Xen Cluster Management With Ganeti On Debian Lenny - Page 4
11 A Failover Example
Now let's assume you want to take down node2.example.com due to maintenance and you therefore want to fail over inst1.example.com to node1 (please note that inst1.example.com will be shut down during the failover, but will be switched on again instantly thereafter) .
First, let's find out about our instances:
node1:
gnt-instance list
As you see, node2 is the primary node:
node1:~# gnt-instance list
Instance OS Primary_node Status Memory
inst1.example.com debootstrap node2.example.com running 256
node1:~#
To failover inst1.example.com to node1, we run the following command (again on node1):
gnt-instance failover inst1.example.com
node1:~# gnt-instance failover inst1.example.com
Failover will happen to image inst1.example.com.
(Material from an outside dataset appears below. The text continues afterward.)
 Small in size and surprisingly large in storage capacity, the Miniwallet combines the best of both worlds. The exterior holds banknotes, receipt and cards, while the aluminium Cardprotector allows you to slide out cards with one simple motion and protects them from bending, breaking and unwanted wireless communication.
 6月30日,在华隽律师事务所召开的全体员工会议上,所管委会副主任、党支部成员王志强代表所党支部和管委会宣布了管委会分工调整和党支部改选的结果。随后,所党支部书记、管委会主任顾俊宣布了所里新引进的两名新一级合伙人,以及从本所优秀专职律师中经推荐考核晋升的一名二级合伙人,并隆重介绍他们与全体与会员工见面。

This requires a
shutdown of the instance. Continue?
y/[n]/?: <-- y
* checking disk consistency between source and target
* shutting down instance on source node
* deactivating the instance's disks on source node
* activating the instance's disks on target node
* starting the instance on the target node
node1:~#
Afterwards, we run
gnt-instance list
again. node1 should now be the primary node:
node1:~# gnt-instance list
Instance OS Primary_node Status Memory
inst1.example.com debootstrap node1.example.com running 256
node1:~#
As inst1.example.com has started again immediately after the failover, we need to fix the console problem again (see chapter 9):
gnt-instance shutdown inst1.example.com
gnt-instance startup --extra "xencons=tty1 console=tty1" inst1.example.com
Now you can take down node2:
node2:
shutdown -h now
After node2 has gone down, you can try to connect to inst1.example.com - it should still be running.
Now after the maintenance on node2 is finished and we have booted it again, we'd like to make it the primary node again.
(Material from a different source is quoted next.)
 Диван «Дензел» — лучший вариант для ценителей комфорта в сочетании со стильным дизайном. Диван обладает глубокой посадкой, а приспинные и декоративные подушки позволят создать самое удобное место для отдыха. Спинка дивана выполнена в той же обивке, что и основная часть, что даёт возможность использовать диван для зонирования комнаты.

Therefore we try a failover on node1 again:
node1:
gnt-instance failover inst1.example.com
This time we get this:
node1:~# gnt-instance failover inst1.example.com
Failover will happen to image inst1.example.com. This requires a
shutdown of the instance. Continue?
y/[n]/?: <-- y
* checking disk consistency between source and target
Node node2.example.com: Disk degraded, not found or node down
Failure: command execution error:
Disk sda is degraded on target node, aborting failover.
node1:~#
The failover doesn't work because inst1.example.com's hard drive on node2 is degraded (i.e., not in sync).
To fix this, we can replace inst1.example.com's disks on node2 by mirroring the disks from the current primary node, node1, to node2:
node1:
gnt-instance replace-disks -s inst1.example.com
During this process (which can take some time) inst1.example.com can stay up.
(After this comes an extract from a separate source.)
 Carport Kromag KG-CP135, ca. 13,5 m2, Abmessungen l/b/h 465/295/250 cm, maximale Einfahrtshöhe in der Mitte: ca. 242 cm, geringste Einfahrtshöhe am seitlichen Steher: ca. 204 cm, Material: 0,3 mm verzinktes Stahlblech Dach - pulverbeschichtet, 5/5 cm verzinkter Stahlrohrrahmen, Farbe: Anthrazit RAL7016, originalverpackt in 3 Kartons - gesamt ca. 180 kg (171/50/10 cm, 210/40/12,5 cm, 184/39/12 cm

node1:~# gnt-instance replace-disks -s inst1.example.com
STEP 1/6 check device existence
- INFO: checking volume groups
- INFO: checking sda on node2.example.com
- INFO: checking sda on node1.example.com
- INFO: checking sdb on node2.example.com
- INFO: checking sdb on node1.example.com
STEP 2/6 check peer consistency
- INFO: checking sda consistency on node1.example.com
- INFO: checking sdb consistency on node1.example.com
STEP 3/6 allocate new storage
- INFO: creating new local storage on node2.example.com for sda
- INFO: creating new local storage on node2.example.com for sdb
STEP 4/6 change drbd configuration
- INFO: detaching sda drbd from local storage
- INFO: renaming the old LVs on the target node
- INFO: renaming the new LVs on the target node
- INFO: adding new mirror component on node2.example.com
- INFO: detaching sdb drbd from local storage
- INFO: renaming the old LVs on the target node
- INFO: renaming the new LVs on the target node
- INFO: adding new mirror component on node2.example.com
STEP 5/6 sync devices
- INFO: Waiting for instance inst1.example.com to sync disks.
- INFO: - device sda: 1.80% done, 560 estimated seconds remaining
- INFO: - device sdb: 12.40% done, 35 estimated seconds remaining
- INFO: - device sda: 5.80% done, 832 estimated seconds remaining
- INFO: - device sdb: 89.30% done, 3 estimated seconds remaining
- INFO: - device sda: 6.40% done, 664 estimated seconds remaining
- INFO: - device sdb: 98.50% done, 0 estimated seconds remaining
- INFO: - device sda: 6.50% done, 767 estimated seconds remaining
- INFO: - device sdb: 100.00% done, 0 estimated seconds remaining
- INFO: - device sda: 6.50% done, 818 estimated seconds remaining
- INFO: - device sda: 19.30% done, 387 estimated seconds remaining
- INFO: - device sda: 32.00% done, 281 estimated seconds remaining
- INFO: - device sda: 44.70% done, 242 estimated seconds remaining
- INFO: - device sda: 57.30% done, 195 estimated seconds remaining
- INFO: - device sda: 70.00% done, 143 estimated seconds remaining
- INFO: - device sda: 82.70% done, 74 estimated seconds remaining
- INFO: - device sda: 95.40% done, 20 estimated seconds remaining
- INFO: - device sda: 99.80% done, 3 estimated seconds remaining
- INFO: Instance inst1.example.com's disks are in sync.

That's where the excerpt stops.